Case Study: Malignant Hyperthermia
Contributed by Susan Torchen, CRNA
A 15-month-old, 22-kg male is scheduled for strabismus surgery. His medical history is unremarkable except for idiopathic childhood exotropia. He has no surgical or anesthesia history. Family anesthetic history includes maternal uncle that died during surgery with general anesthesia as a child; mother has only vague knowledge of exact cause of death. Mother has received only sedation and regional for small procedures. Father has no known surgical or anesthesia related complications.
Are there any additional questions you would want to ask the family prior to the start of this case?
With a questionable familial anesthetic complication all efforts should be made to find out as much information surrounding the questionable event. Malignant hyperthermia (MH) is an autosomal dominant heterogeneous disease that varies from family to family. Twenty-one percent of patients who carry the MH gene will have at least one uneventful exposure to general anesthesia prior to having a MH reaction. Since this patient has a questionable maternal link to MH it is important to use MH precautions until the child is proven not to be susceptible to MH (this can only be done by a negative contracture test, and cannot be performed in this child until later in childhood). Certain common pediatric disorders should heighten suspicion to a possible MH reaction; these are the myopathies caused by mutations involving the ryanodine receptor and include central core myopathy, multiminicore myopathies, and several other extremely rare variants. The anesthetic plan for this patient should include MH precautions and the use of total intravenous anesthesia.
How can MH susceptibility be determined?
The caffeine-halothane contracture test (CHCT) remains the gold standard to diagnose MH; however, there are only five remaining testing centers in North America, and the patient has to have the procedure at the testing site.

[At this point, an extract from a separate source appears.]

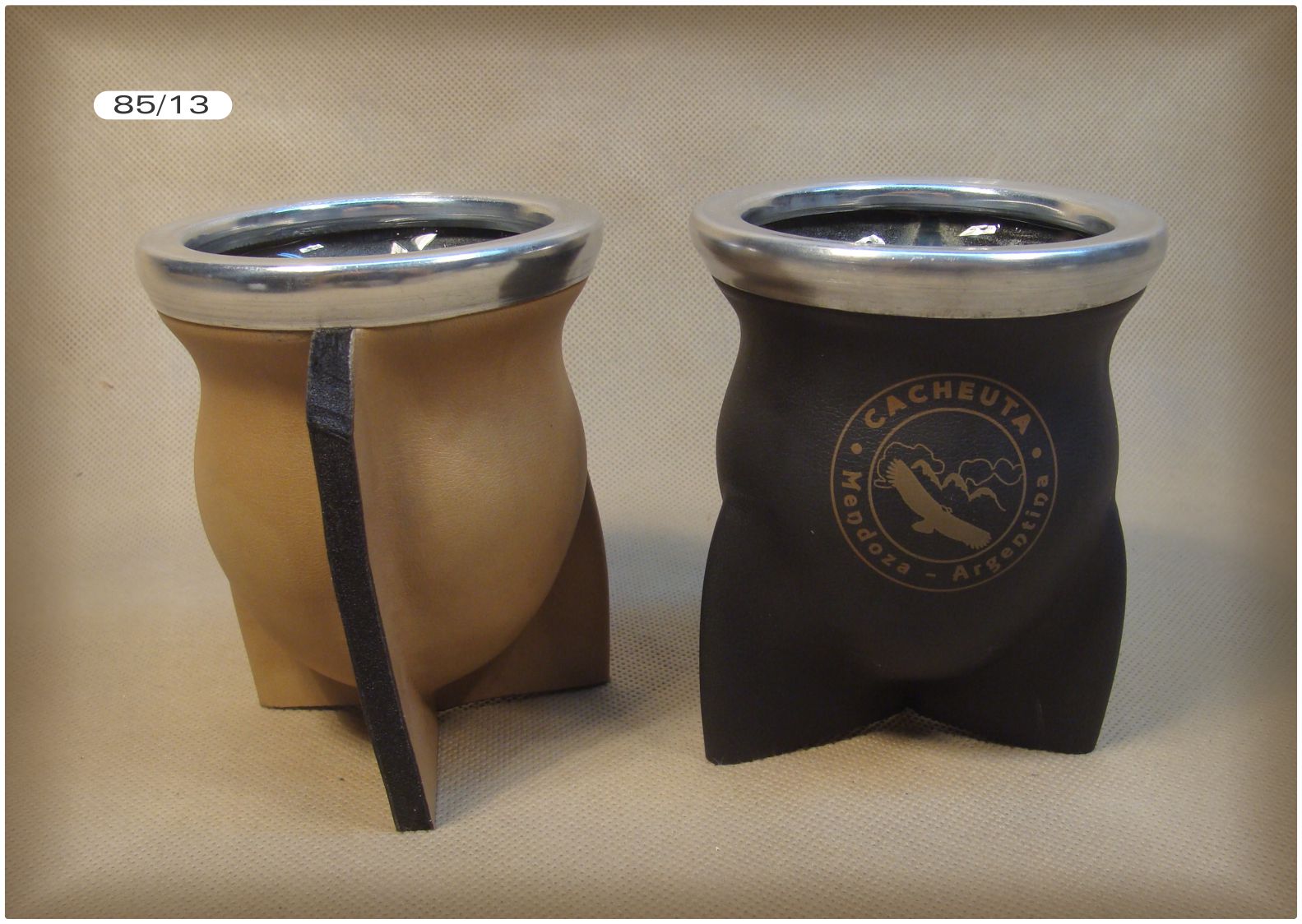 MATE 3 CARAS CUERO, interior vidrio, forrado en goma y cuero. Impresión láser.

Genetic analysis of known ryanodine (RYR1) mutations is possible by sending blood or tissue samples to a certified lab, but the sensitivity of the test is not more than 50%. Therefore, the vast majority of patients suspected to have susceptibility to MH are treated as such throughout their lives.
What is the pathophysiology of MH?
A mutation in the ryanodine receptor gene (RYR1) causes susceptibility to MH in persons with the mutation that are exposed to triggering general anesthetics. However, the genotype-phenotype correlations are unknown; in other words, the specific mutation is not predictive of the clinical presentation. The mutated ryanodine receptor in the sarcoplasmic reticulum allows calcium to flow unregulated into the muscle cell, which leads to unabated muscle contracture, and the classic clinical signs of MH. The exact mechanism of action that causes this interaction in the presence of a triggering anesthetic is unknown.
How would you prepare your operating room for this patient?
Patients that are known to be susceptible to MH should not receive the triggering anesthetic agents, which include all the inhaled volatile gases and succinylcholine. The procedure for preparing the anesthesia machine can be found on the MHAUS website.
Following emergence and extubation of your patient, you note that he has limited chest rise and poor gas exchange, despite the adequate placement of an oral airway. You are unable to effectively ventilate the patient, there is no etCO2, and his oxygen saturation declines rapidly.
How do you manage severe laryngospasm in an MH susceptible patient?
Since succinylcholine needs to be avoided in this patient, we would immediately administer IV rocuronium (1.5 mg/kg) and propofol (2 mg/kg). If this patient did not have IV access, rocuronium (2 mg/kg) should be administered intramuscularly, but if the airway obstruction is so severe that the patient is developing life-threatening bradycardia, then we recommend administration of IM succinylcholine (4 mg/kg) and atropine (0.02 mg/kg).